Finance and Public Administration Committee [Draft]

Pre-budget Scrutiny 2026-27

Meeting date: 9 September 2025

Craig Hoy

Is there a risk with all the different documents that come before us, including your reports—when I was on the Public Audit Committee, I could sense your frustration when you came back time and again on the health service or major capital projects and identified the same weaknesses in the system—that we simply cannot see the wood for the trees, because there is so much verbiage, and that a simpler approach to how we set, monitor, report back on and audit goals would be more useful for this committee, Parliament and the public at large?

Finance and Public Administration Committee [Draft]

Pre-budget Scrutiny 2026-27

Meeting date: 9 September 2025

Craig Hoy

No, I wanted to come in on public sector pay.

On that 9 per cent target, you will be well aware from ministers that the Scottish Government has a fixed budget and that, therefore, its capacity to borrow or to fund public sector pay effectively comes out of other public services.

Over the years, as we have considered the Scottish budget, the finance secretary has said that she did not want to set out a public sector pay policy because that would become the floor through which public sector pay negotiations are conducted. What is the mood among your members on public sector pay specifically, given that we now have a 9 per cent policy over the next three years? That could be subject to change but that is the policy now. Is there an awareness that there will be cuts to front-line services if your members, particularly public sector unions, continue to press for pay settlements that are above that 9 per cent, which is what we are tracking towards at the moment?

Finance and Public Administration Committee [Draft]

Pre-budget Scrutiny 2026-27

Meeting date: 9 September 2025

Craig Hoy

I have two questions on a quite different subject. I asked the Audit Scotland witness earlier whether they had a better definition of preventative spending and whether we could get a categorisation that could be baked into a budget and therefore become ring fenced. Is there any international best practice around that that you and the Government could learn from? It strikes me that preventative spending is still quite nebulous.
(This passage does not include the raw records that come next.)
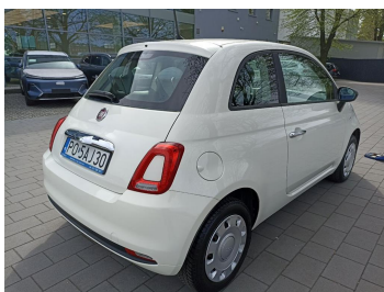
Przekątna tylna prawa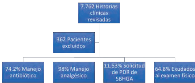
Gráfica 1. Resultados obtenidos en el estudio. Gráfica realizada por los autores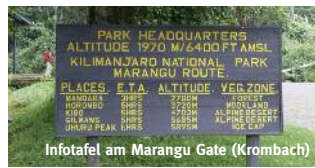
Infotafel am Marangu Gate (Krombach)

Profil: Gute Kondition, Ausdauer. Wandern auf guten Wegen; anstrengende Aschfelder am langen Gipfeltag. Hüttenübernachtungen.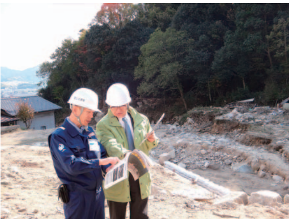
写真－2 安佐南区緑井において国土交通省担当官から説明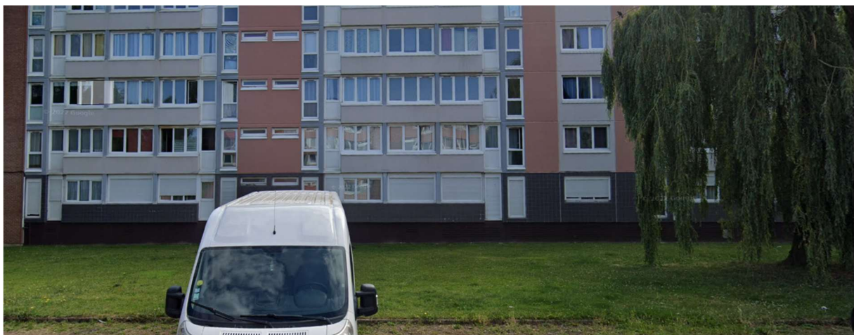
Espace du futur local vélo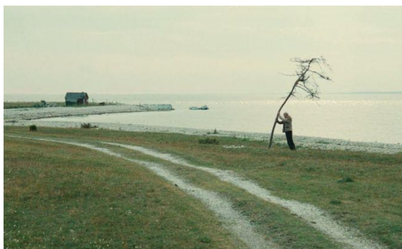
شکل ۲ و ۳. تصویر درخت خشک؛ همیشه برای رشد درخت؛ نور و آب و خاک کافی نیست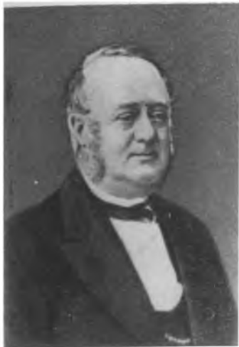
Отец Эдварда Грига — Александр Григ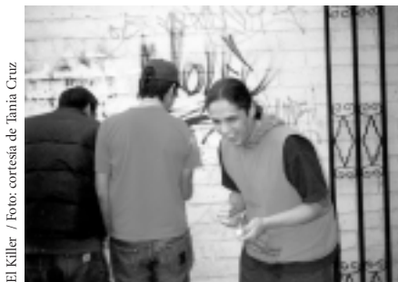
El Killer / Foto: cortesía de Tania Cruz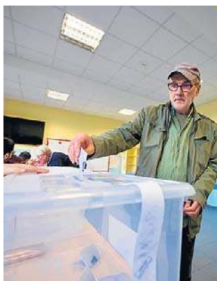
Od kwietnia 2021 roku Bułgarzy głosują ósmy raz

Próg wyborczy w wyborach parlamentarnych w Bułgarii wynosi 4 proc. dla partii i koalicji. Kadencja posła w jednoizbowym parlamencie trwa cztery lata. Uprawnionych do głosowania jest 6 575 151 wyborców.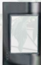
PP030-CEN Placa metálica de 3 módulos cristal espejo negro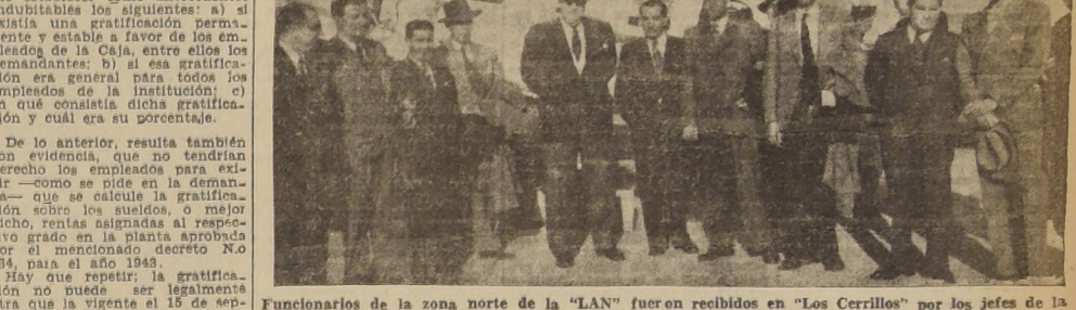
Funcionarios de la zona norte de la "LAN" fueron recibidos en "Los Cerrillos" por los jefes de la Empresa en Santiago

EN UNA CONCENTRACION QUE SE INAUGURA HOY, Y A LA CUAL CONCURRIRAN LOS JEFES DE ESTA EMPRESA AEREA Y LOS JEFES DE PUERTO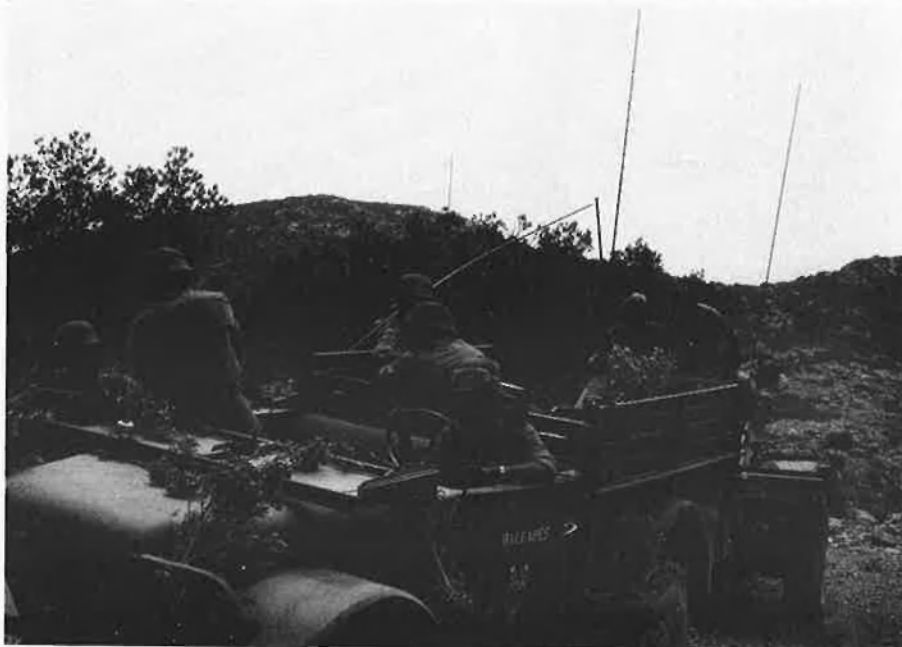
Cabrera: cruïlla d'interessos.

Finance and Public Administration Committee [Draft]

Pre-budget Scrutiny 2026-27

Meeting date: 9 September 2025

Craig Hoy

My question for David Livey concerns the financial pressures that many voluntary organisations are feeling. When I used to be a councillor I often had to look closely at funding applications. I would notice how difficult such organisations found it to pay their staff and keep the lights on in their premises, as Ms Smith mentioned earlier. Are such pressures making those issues worse? When I used to look at those applications, I would notice a pay gap, in that people working for voluntary sector organisations—which, in many senses, fulfil what should be the role of public services—seemed to be paid significantly less than they would be had they been working for local authorities, for example. Are those pay gaps extending and widening?

To go back to the point about preventative spending, if the voluntary sector cannot fulfil the vital services that they provide, the responsibility for doing so will roll back on the state, at, I assume, considerably higher cost. Are you noticing any deterioration in pay and conditions in the sector? How aware are central and local government bodies that if we lose those voluntary organisations the upstream costs down the line will be much more significant?